The document opens with philosophical and historical discussion before moving into constitutional analysis. Throughout, Paxton frames DEI initiatives as incompatible with equal protection principles and argues that both public entities and private actors risk violating civil rights laws if they continue such practices.
Although the opinion repeatedly uses language suggesting it has “declared” laws unconstitutional, attorney general opinions do not have the force of law. Texas courts have consistently held that statutes remain valid and enforceable unless struck down by a court or repealed by the Legislature.
Focus on a 1999 Cornyn Opinion
A notable portion of Paxton’s opinion revisits a 1999 attorney general opinion issued by then-Attorney General John Cornyn. Paxton argues that Cornyn “failed to confront” DEI in higher education and “added insult to injury” by deferring to pending litigation rather than issuing definitive guidance. Paxton further claims that this approach “refused” to resolve constitutional questions and allowed “decades of DEI and discriminatory practice to proliferate.”
The 1999 opinion, known as JC-0107, arose from an official request by a state senator. The question concerned whether a recent court ruling prevented public universities from considering race when awarding student financial assistance. At the time, the issue was pending before the U.S. Court of Appeals for the Fifth Circuit. Cornyn advised universities to wait for the court’s resolution before drawing broad conclusions.
Consistency With Past Attorney General Practice
Deferring to the courts when legal issues are actively being litigated is not unique to Cornyn’s tenure. Paxton himself has followed the same approach during his 12 years as attorney general.
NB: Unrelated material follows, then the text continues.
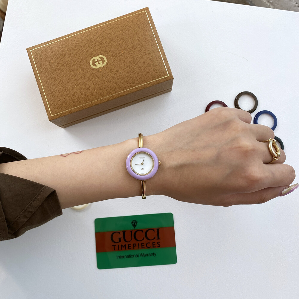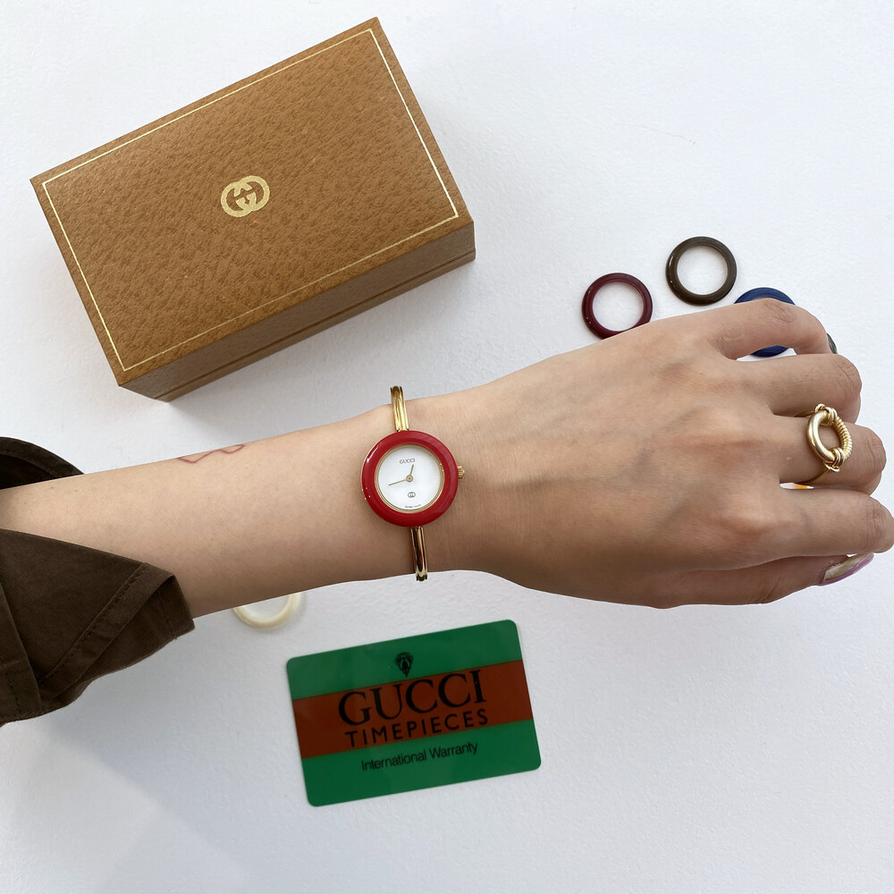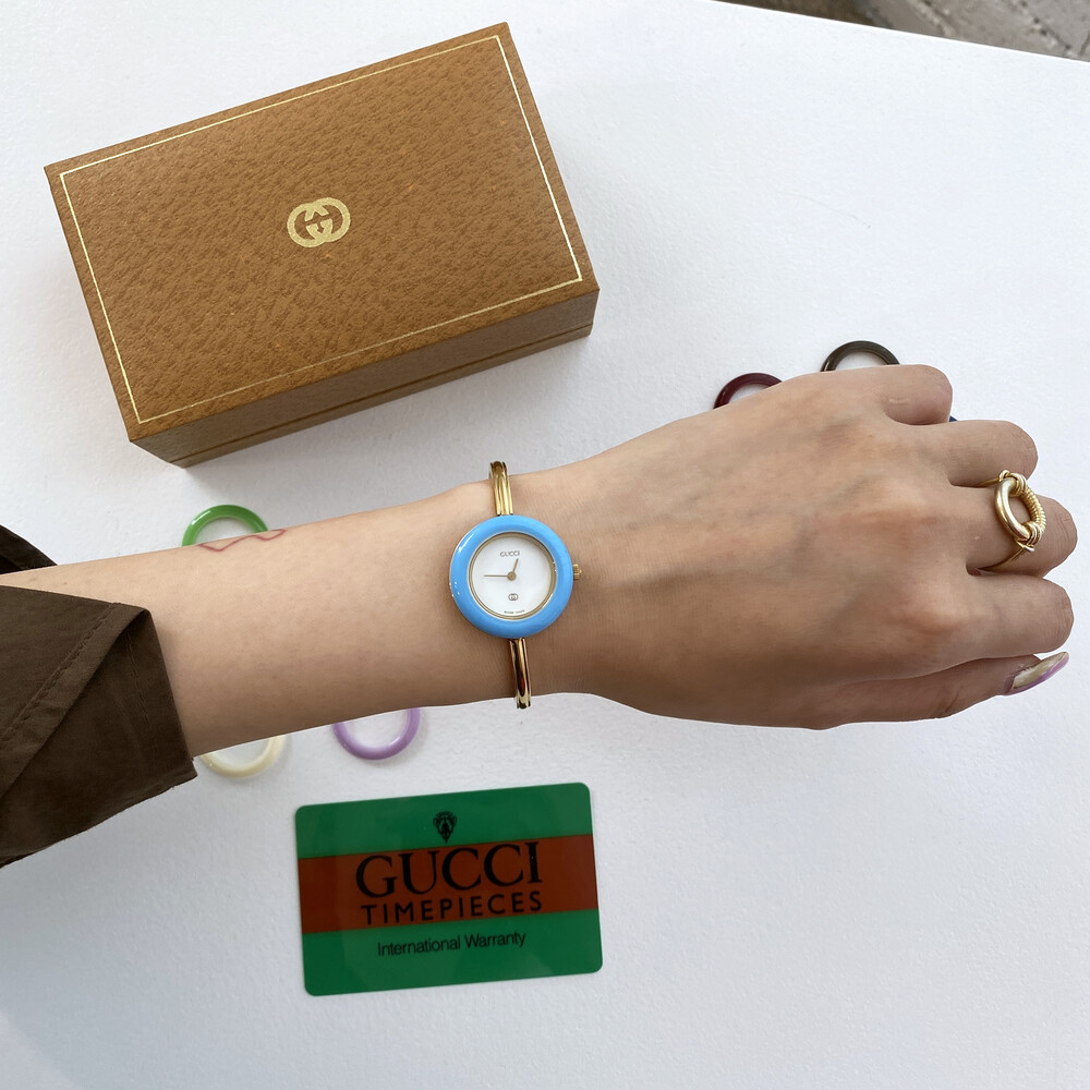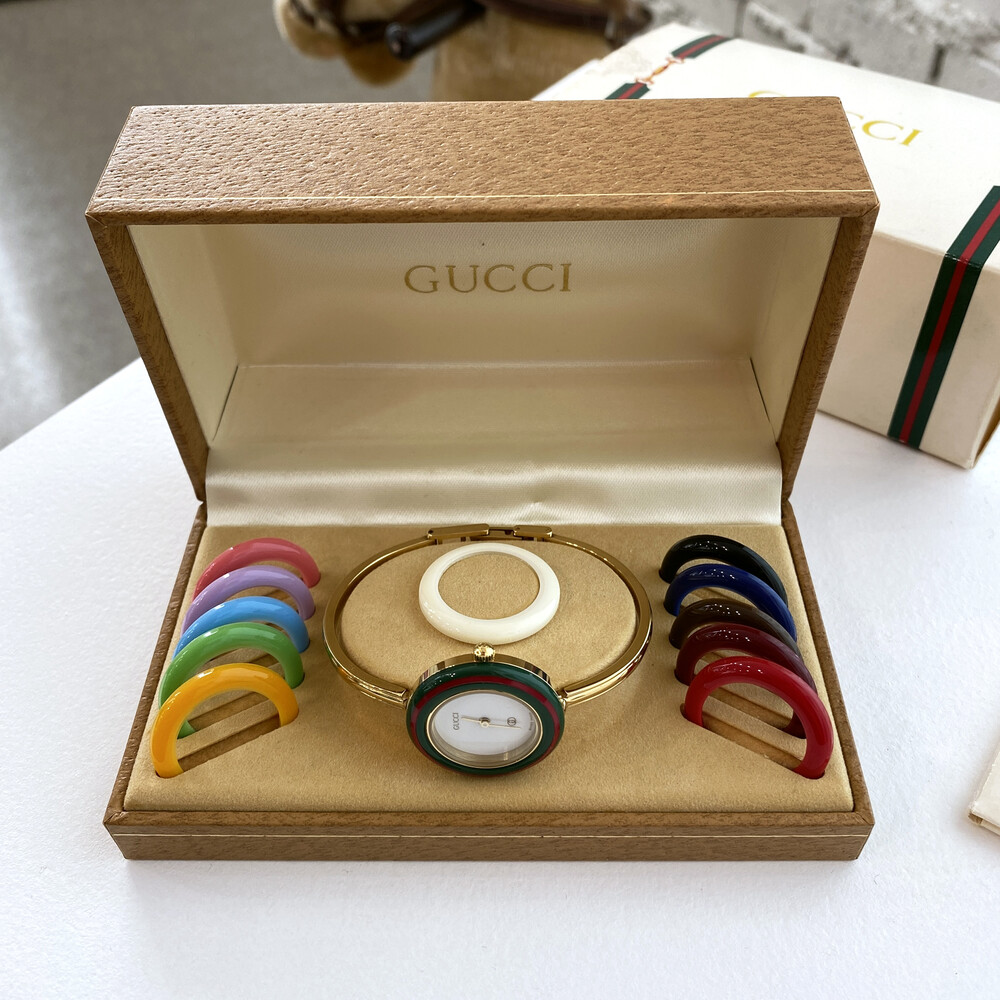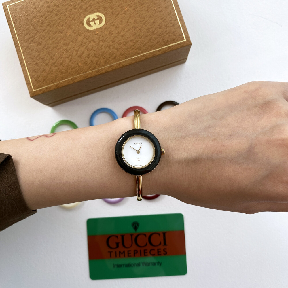 구찌 시계 케이스, 박스, 베젤, 개런티 카드, 사용설명서, 서비스센터 카드가 포함된 제품입니다.

In 2016, for example, Paxton declined to issue an opinion on the statutory definition of “ballot image” after a district attorney requested guidance. The issue was pending in court, and Paxton wrote at the time that declining to answer questions subject to ongoing litigation was a “long-standing policy” of the attorney general’s office. He emphasized that determining a law’s meaning or constitutionality ultimately belongs to the courts and that attorney general opinions are advisory only.
This history has prompted questions about why Paxton chose to issue an unsolicited opinion now, particularly one addressing matters that have been extensively litigated at both the state and federal levels.
Cornyn’s Response
Cornyn responded quickly to Paxton’s criticism, arguing that there was nothing for Paxton to “overrule” because the 1999 guidance was effectively withdrawn due to pending litigation. He stated that his approach was later validated when the Supreme Court held that race cannot be used in college admissions.
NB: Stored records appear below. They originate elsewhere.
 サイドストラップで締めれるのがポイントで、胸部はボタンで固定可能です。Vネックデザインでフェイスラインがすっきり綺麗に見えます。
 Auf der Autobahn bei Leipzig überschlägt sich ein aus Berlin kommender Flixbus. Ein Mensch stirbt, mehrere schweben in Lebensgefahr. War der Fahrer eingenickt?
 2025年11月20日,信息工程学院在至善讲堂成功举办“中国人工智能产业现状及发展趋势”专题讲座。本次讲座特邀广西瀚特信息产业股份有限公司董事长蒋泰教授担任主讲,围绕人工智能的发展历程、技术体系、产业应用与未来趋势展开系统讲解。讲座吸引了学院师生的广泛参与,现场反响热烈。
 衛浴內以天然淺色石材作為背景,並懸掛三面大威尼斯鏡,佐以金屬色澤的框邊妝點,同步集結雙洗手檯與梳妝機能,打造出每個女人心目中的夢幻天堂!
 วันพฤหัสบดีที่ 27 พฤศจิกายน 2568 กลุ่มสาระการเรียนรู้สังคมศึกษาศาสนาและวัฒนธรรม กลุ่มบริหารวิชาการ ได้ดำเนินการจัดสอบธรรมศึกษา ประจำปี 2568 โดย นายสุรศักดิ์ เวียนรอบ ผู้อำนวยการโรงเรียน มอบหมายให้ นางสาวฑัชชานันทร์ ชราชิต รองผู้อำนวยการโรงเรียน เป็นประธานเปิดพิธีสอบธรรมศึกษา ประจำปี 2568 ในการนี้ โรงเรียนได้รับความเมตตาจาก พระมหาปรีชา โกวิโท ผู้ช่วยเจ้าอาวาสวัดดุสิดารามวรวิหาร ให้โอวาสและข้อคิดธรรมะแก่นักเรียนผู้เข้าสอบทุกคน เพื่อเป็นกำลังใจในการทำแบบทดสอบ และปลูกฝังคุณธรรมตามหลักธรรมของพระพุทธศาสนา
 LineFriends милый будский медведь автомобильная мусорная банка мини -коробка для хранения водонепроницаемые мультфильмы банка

Cornyn also accused Paxton of misusing the attorney general’s office for political purposes and suggested the opinion could amount to an improper campaign activity, given Paxton’s declared challenge for Cornyn’s Senate seat.
Legal Effect and Broader Implications
Despite the sweeping language used in KP-0505, the opinion does not invalidate any law or policy on its own. Attorney general opinions do not carry enforcement power, and state agencies, universities, and private entities are not legally bound to follow them. Any determination that a statute or policy is unconstitutional must come from a court.
Still, such opinions can influence agency behavior, legislative debates, and future litigation strategies. By issuing a broad, unsolicited opinion that blends legal analysis with political criticism, Paxton has sparked debate not only over DEI policies but also over the proper role of the attorney general and the boundary between legal guidance and political advocacy.